Congratulations from Kittley’s former co-workers, Kliff Kingsbury and Patrick Mahomes, began to roll in once he officially took on the position. 

“I’m really excited for Zach and this opportunity at Western Kentucky. He is incredibly sharp and is definitely one of the brightest young minds in the game,” Kingsbury said in a statement. “That was obvious early at Texas Tech and he did a tremendous job for us; I know he had a big impact on Patrick Mahomes and was critical to his development. I know Zach was a really good hoops player, but I’m glad he chose to coach football because the game is better with sharp, young coaches like him in it.”

Once Kittley took the job in Bowling Green, however, he had to say goodbye to what he had helped build down in Houston.

“The day I took the job here we had a zoom call with the HBU football team and [coach Shealy] let the guys know that I was taking this opportunity here. He encouraged those guys to give me a call.”

A handful of players must have listened to Shealy, as Bailey Zappe, Ben Ratzlaff and brothers Jerreth and Josh Sterns all transferred to the Hill for the 2021 season. Kittley was elated to have his senior quarterback following him on the next step of his coaching journey.

“Whenever I was still at HBU I was kind of nervous that [Zappe] might go to the NFL on me,” Kittley said. “When I left [HBU], there was a little inkling in me thinking that he would leave, he had an SEC offer and a Big 12 offer. But for him, I felt like it was really just the relationship that he and I built… where he was going to play had to be perfect for him. He couldn’t take the risk of going somewhere and not knowing people and maybe not even learning the system, who knows what happens from there.”

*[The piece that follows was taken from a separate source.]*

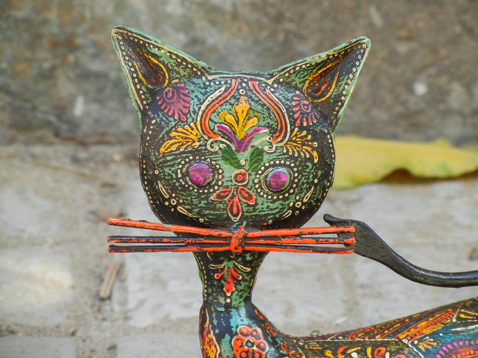 Product name:Wooden & Metal Cat Figurine Statue

“And then the other three guys, I love those guys. I recruited all three of them,” Kittley said. “I think that in their minds, the best thing for their career was to come here and continue to play in this offense with [Zappe] and me, they know how I operate, they know how I design plays, I felt like for them it felt more like home here, being able to have some continuity with me. I personally got to recruit those three so I developed a relationship with them and their families, and I just felt that the relationship that we had was something that was very important in their decision making.”

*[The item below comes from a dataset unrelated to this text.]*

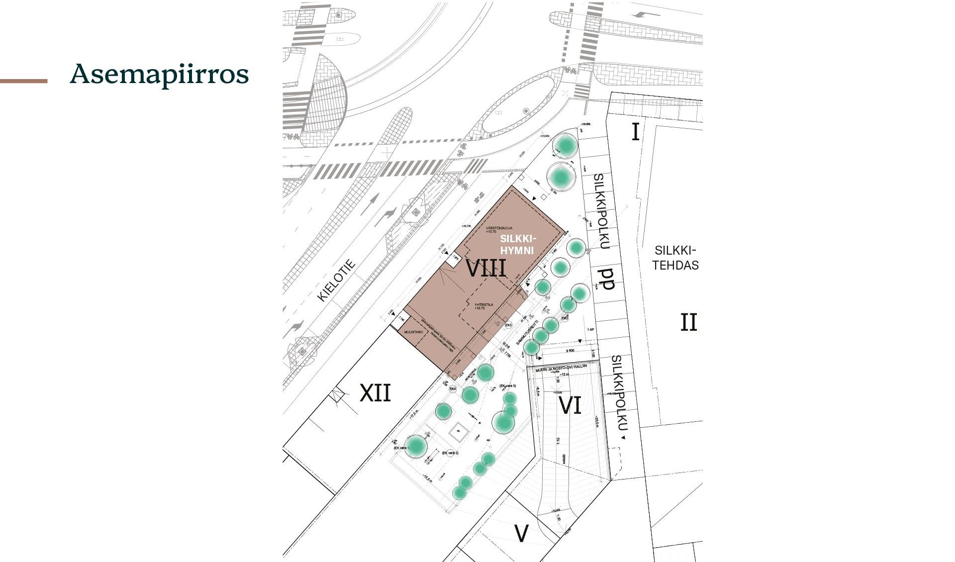 Palvelut: Tikkurilassa on kattavat palvelut, monipuoliset ostosmahdollisuudet sekä useita kauppakeskuksia. Alueen kahvila- ja ravintolatarjonta kasvaa jatkuvasti. Kulttuurielämyksiä on runsaasti kävelyetäisyydellä mm: Tikkurilan Teatteri, Teatteri- ja sirkuskoulu sekä Tanssiteatteri Raatikko, Kulttuuritehdas Vernissa ja kotiseututalo Påkas tarjoavat esityksiä ja tapahtumia. Elokuvista vastaa perinteikäs Bio Grand. Rautatieaseman läheisyydessä sijaitsee Vantaan kaupunginmuseo, ja taiteen ystäville näyttelyitä tarjoavat Gjutars ja Galleria K. Alueen tunnetuin nähtävyys on Tiedekeskus Heureka, joka houkuttelee kaikenikäisiä kävijöitä. Tikkurilan urheilupuisto ja uimahalli tarjoavat erinomaiset liikuntamahdollisuudet, unohtamatta lähialueella sijaitsevien mm. Hakunilan hiihtokeskuksen ja Hiekkaharjun Golfin tarjontaa. Koulut: Alueella on kouluja alakoulusta ammattikorkeaan,. Päiväkoti: Alueella on useita päiväkoteja, lähialueella myös ruotsin- ja englanninkieliset. Asunto Oy Tikkurilan Silkkihymni sijaitsee Vantaan Tikkurilassa osoitteessa Silkkitehtaantie 4, 01300 Vantaa. Yhtiö koostuu yhdestä omistusasuntokerrostalosta, jossa on kahdeksan asuinkerrosta, parvikerros sekä maanalainen kellarikerros. Rakennuksessa on yksi porrashuone ja hissi. Yhtiöön kuuluu asuntojen lisäksi kaksi liiketilaa, joista toinen ravintolavarauksella. Arvioitu valmistuminen on syksyllä 2027. Liikenneyhteydet: Keskeinen sijainti Tikkurilassa takaa erinomaiset liikenneyhteydet. Juna-asemalle kävelet reilussa viidessä minuutissa, ja junalla liikkuminen on vaivatonta: Helsingin keskustaan pääset noin 15 minuutissa ja lentoasemalle alle 10 minuutissa. Lisäksi rakenteilla olevan Vantaan ratikan Silkkitehtaan pysäkki tulee aivan tien toiselle puolelle, omalla autolla liikkuvalle valtaväylät nopeiden siirtymien päässä. Arjen liikkuminen ei voisi olla juuri kätevämpää.

With familiar faces filling the depth chart and a new set of conference opponents to tackle, WKU’s new hire began prepping his offense for the 2021 season. Kittley expressed confidence that his style of air raid offense will be able to thrive in Conference USA, citing the experience he gained when his Huskies faced North Texas and La Tech in 2020.

“I think this offense can be successful in this conference,” Kittley said. “Last year we got to play, at HBU with FCS players, we got to play North Texas and La Tech. We had some success in that offense… whether it be to FCS or Power Five, whatever the case may be, I think the offense is successful as it goes.”

The Hilltoppers won’t be passing the ball on every snap, however. Kittley hopes to run a balanced offense that can tire out defenses using the running game while taking advantage of the deep ball as its deadliest weapon.

“We’re going to run the football here,” Kittley said. “My philosophy is, whatever it takes makes us successful. A lot of it’s predicated on what defense you play each week. We like to say that everybody in this offense eats. It’s not just the receivers, it’s not just the quarterback, the running backs are gonna get theirs too.”

WKU fans will get to see Kittley’s offense in action firsthand on Sept. 2 when the Hilltoppers open their season at home against UT Martin.